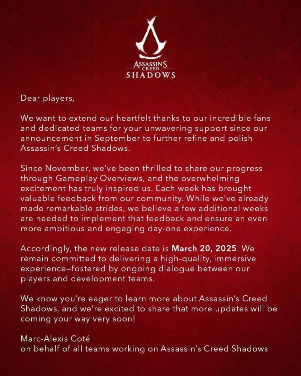 Компания Ubisoft объявила о переносе релиза игры Assassin’s Creed Shadows. Теперь запуск проекта запланирован на 20 марта 2025 года, что стало вторым переносом даты выхода. Ранее релиз игры был намечен на февраль, а изначально проект должны были выпустить ещё в ноябре прошлого года. Как сообщается в официальном заявлении от разработчиков, причиной очередного переноса стало желание обеспечить игрокам качественный и проработанный продукт. Очевидно, что одной из причин отсрочки стал высокий уровень конкуренции на февральском рынке видеоигр, из-за чего Ubisoft решила не торопиться и довести проект до более лучшего состояния. Ubisoft делает ставку на Shadows как на одну из ключевых частей серии, которая должна спасти позиции компании на рынке. Поскольку на игру возлагаются большие надежды в связи с туманным будущим Ubisoft. Разработчики пообещали делиться новыми подробностями о проекте в ближайшее время. Ожидается, что нас ждут дополнительные трейлеры, геймплейные ролики и анонсы особенност
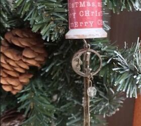 Adding scrap jewelry for bling, she repurposed a beaded ornament hanger by straightening it and threading the spool and jewelry through. With a bit of creativity, these ornaments became delightful gifts or decor pieces, proving that a simple wood spool can become anything from a holiday ornament to a fan pull or even a necklace.
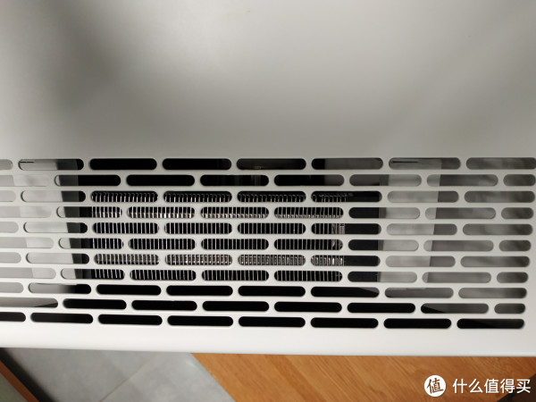 通过进风口可以看到内部的风扇电机和初效滤网,初效滤网在使用中无需更换,只要定期清理就可以了。
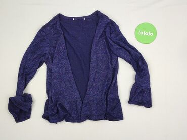 Damska narzutka/kardigan w kolorze granatowym z ozdobnymi, srebrnymi nitami/koralikami przy dekolcie, mankietach, kieszeniach i u dołu. Luźny, otwarty fason bez zapięcia, długość do bioder/za biodr...Stan:
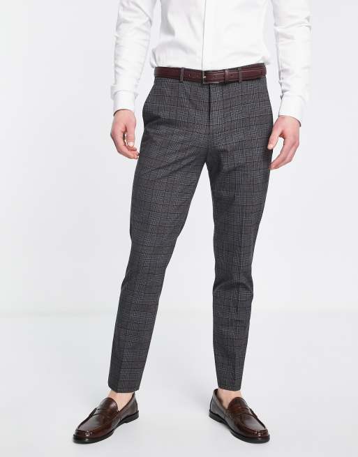 Selected slim fit suit pants in dark gray plaid
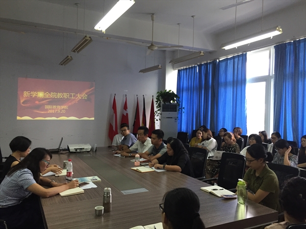 会上,院长兼书记叶苗向全体教职工解读了习近平总书记“7.26”重要讲话精神,传达了全国、全省思想政治工作会议以及2017年暑期党委理论学习中心组(扩大)学习会议精神。她代表学院欢迎新入职教工,并总结了近半年来学院整体工作情况。上学期,学院各项工作在相关科室负责人带领下齐头并进、全面开花:学院办公室、教学科、学生科、学科教研室等部门上下拧成一股绳,助力航空管理专业和留学生教育实现人才引进、招生数量、生源质量“三飞跃”;汉语国际教育推广教研室团队成功举办国侨办“寻根之旅”华裔青年夏令营及海外华文教师证书培训班,成效斐然。
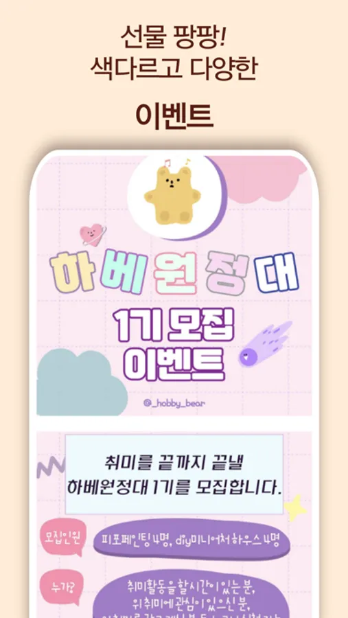 하비베어는 DIY 취미를 여러사람들과 공유하고 즐기는 공간입니다. 다양한 이벤트에 참여해서 포인트도 받고 다양한 경품도 받아가세요. 취미를 지원해드립니다.

YOUR TASK
When you write out the material, keep every line exact and leave out each picture.

WRITTEN SOLUTION
 Компания Ubisoft объявила о переносе релиза игры Assassin’s Creed Shadows. Теперь запуск проекта запланирован на 20 марта 2025 года, что стало вторым переносом даты выхода. Ранее релиз игры был намечен на февраль, а изначально проект должны были выпустить ещё в ноябре прошлого года. Как сообщается в официальном заявлении от разработчиков, причиной очередного переноса стало желание обеспечить игрокам качественный и проработанный продукт. Очевидно, что одной из причин отсрочки стал высокий уровень конкуренции на февральском рынке видеоигр, из-за чего Ubisoft решила не торопиться и довести проект до более лучшего состояния. Ubisoft делает ставку на Shadows как на одну из ключевых частей серии, которая должна спасти позиции компании на рынке. Поскольку на игру возлагаются большие надежды в связи с туманным будущим Ubisoft. Разработчики пообещали делиться новыми подробностями о проекте в ближайшее время. Ожидается, что нас ждут дополнительные трейлеры, геймплейные ролики и анонсы особенност
 Adding scrap jewelry for bling, she repurposed a beaded ornament hanger by straightening it and threading the spool and jewelry through. With a bit of creativity, these ornaments became delightful gifts or decor pieces, proving that a simple wood spool can become anything from a holiday ornament to a fan pull or even a necklace.
 通过进风口可以看到内部的风扇电机和初效滤网,初效滤网在使用中无需更换,只要定期清理就可以了。
 Damska narzutka/kardigan w kolorze granatowym z ozdobnymi, srebrnymi nitami/koralikami przy dekolcie, mankietach, kieszeniach i u dołu. Luźny, otwarty fason bez zapięcia, długość do bioder/za biodr...Stan:
 Selected slim fit suit pants in dark gray plaid
 会上,院长兼书记叶苗向全体教职工解读了习近平总书记“7.26”重要讲话精神,传达了全国、全省思想政治工作会议以及2017年暑期党委理论学习中心组(扩大)学习会议精神。她代表学院欢迎新入职教工,并总结了近半年来学院整体工作情况。上学期,学院各项工作在相关科室负责人带领下齐头并进、全面开花:学院办公室、教学科、学生科、学科教研室等部门上下拧成一股绳,助力航空管理专业和留学生教育实现人才引进、招生数量、生源质量“三飞跃”;汉语国际教育推广教研室团队成功举办国侨办“寻根之旅”华裔青年夏令营及海外华文教师证书培训班,成效斐然。
 하비베어는 DIY 취미를 여러사람들과 공유하고 즐기는 공간입니다. 다양한 이벤트에 참여해서 포인트도 받고 다양한 경품도 받아가세요. 취미를 지원해드립니다.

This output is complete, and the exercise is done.